Screenshot 2021-11-14 172705.jpg

...and for those, seriously considering to have that beauty made and use their SMT service (I recommend the back-side): It'll be $120US (~105€) plus shipping o_O Just sayin'

Beyond that: Love you, Bolle! Always did! 😆
 

Daniël

Well-known member
I was looking at adding to a JLCPCB order, and noticed it asked me for the layer order (which layer is the top layer, which on the top-middle layer, which the bottom-middle layer, which the bottom layer). I think I know what files should be picked, but I figured I ask here what should be picked there, so others with the same question can read it here :)
 

GeekDot

Well-known member
I was looking at adding to a JLCPCB order, and noticed it asked me for the layer order (which layer is the top layer, which on the top-middle layer, which the bottom-middle layer, which the bottom layer). I think I know what files should be picked, but I figured I ask here what should be picked there, so others with the same question can read it here :)
The order of the layers is automatically defined by the gerber files - so it seems that something went wrong during your order process (create a zip file from the "board files" folder and upload that).
But as long as the top- and bottom-layers are on the outside, everything else belongs into the esoteric field of discussion (at least for 4 layer designs).

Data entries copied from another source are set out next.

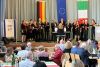 Höhepunkt des Aufenthalts war dann der Festakt mit der feierlichen Unterzeichnung der Urkunden, mit denen die Verschwisterung erneuert wurde. Unter den rund 100 Gästen waren auch viele Vereinsvertreter und Personen, die die Verschwisterung vor 30 Jahren vorangetrieben hatten, allen voran Salvatore Bucchieri. Das Programm bot einen bunten Querschnitt Riedstädter Vereine, von Auftritten der Sängervereinigung Wolfskehlen, den Ropeskippern und einer Tanzgruppe des TV Crumstadt bis zur Laienspielgruppe Leeheim, die „Dinner for One“ präsentierte.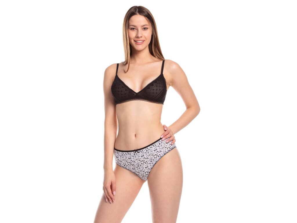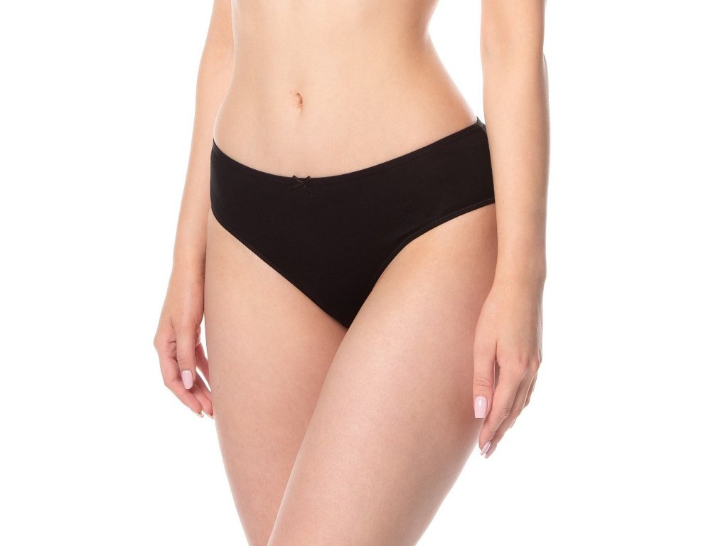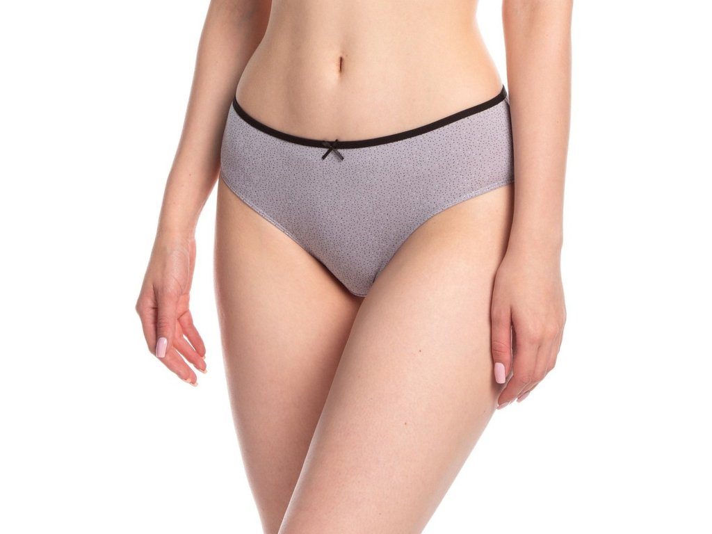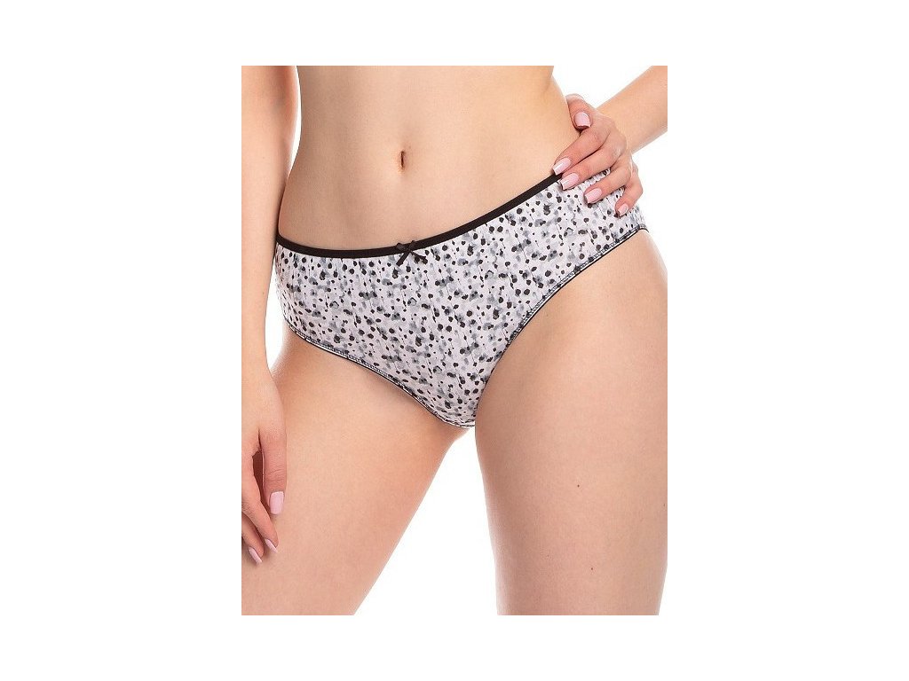 Bavlněné dámské kalhotky s plnějšími boky.Model má v pase plochou gumu a mašličku. Kalhotky jsou balené ve fóliovém sáčku po třech kusech - dva kusy jsou vzorované a jeden je jednobarevný.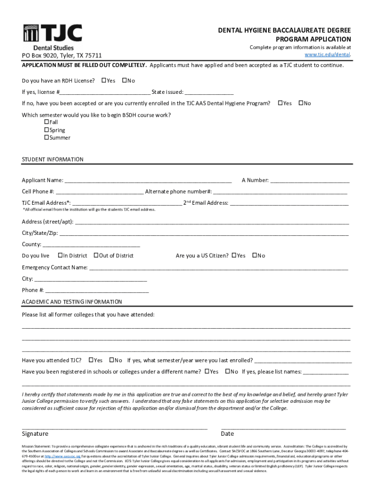 DENTAL HYGIENE BACCALAUREATE DEGREE PROGRAM APPLICATION Complete program information is available at www.tjc.edu/dental.PO Box 9020, Tyler, TX 75711APPLICATION MUST BE FILLED OUT COMPLETELY. Applicants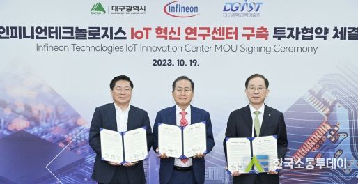 한국소통투데이 관리자 기자 | 대구광역시, 대구경북과학기술원, 인피니언테크놀로지스코리아(유)는 10월 19일 오전 11시 20분 대구 엑스코에서 인피니언테크놀로지스코리아(유) IoT 혁신센터(IoT Innovation Center) 설립 협약을 체결했다.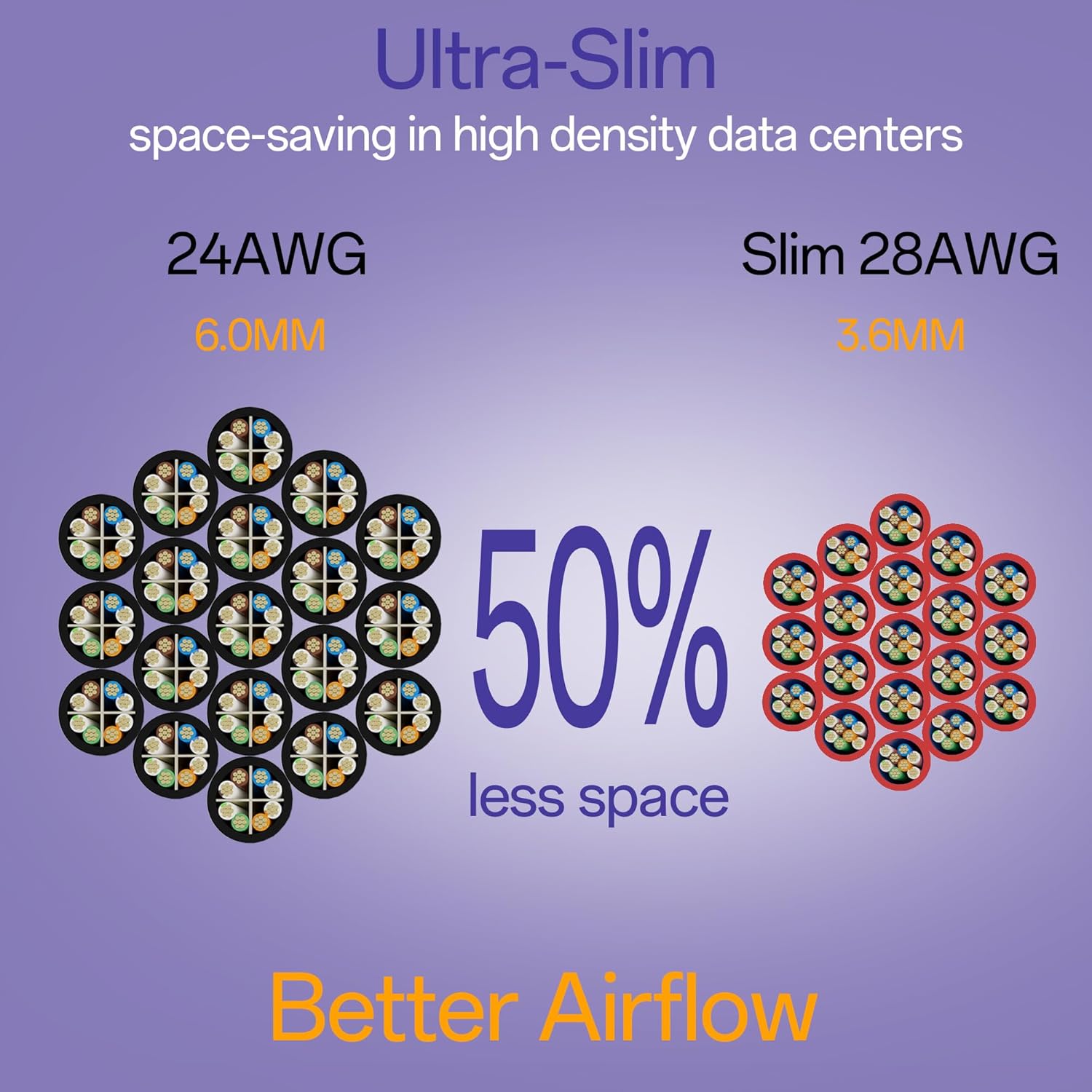 - Ultra-Slim: Slim CAT6 patch cord is 50% thinner than standard networking cables. Slim Cat6 UTP patch cable is designed for space-saving in high density environments such as data centers telecommunication and server rooms.

Also the provided BOM/CPL files are meant for the back-side only.
NB: If you choose their SMT service you can only choose green as PCB color! No fancy purple ;)
 

Daniël

Well-known member
The order of the layers is automatically defined by the gerber files - so it seems that something went wrong during your order process (create a zip file from the "board files" folder and upload that).

I downloaded the entire GitHub as a ZIP, then removed all files and folders inside other than the board files folder. Just to be sure, I downloaded the GitHub again, but this time extracted the board files folder and rezipped that. I still get asked for the layer stackup, so I'm not sure if this is required to be filled in? I've not ordered boards more than two layers before, so this might be more obvious for others.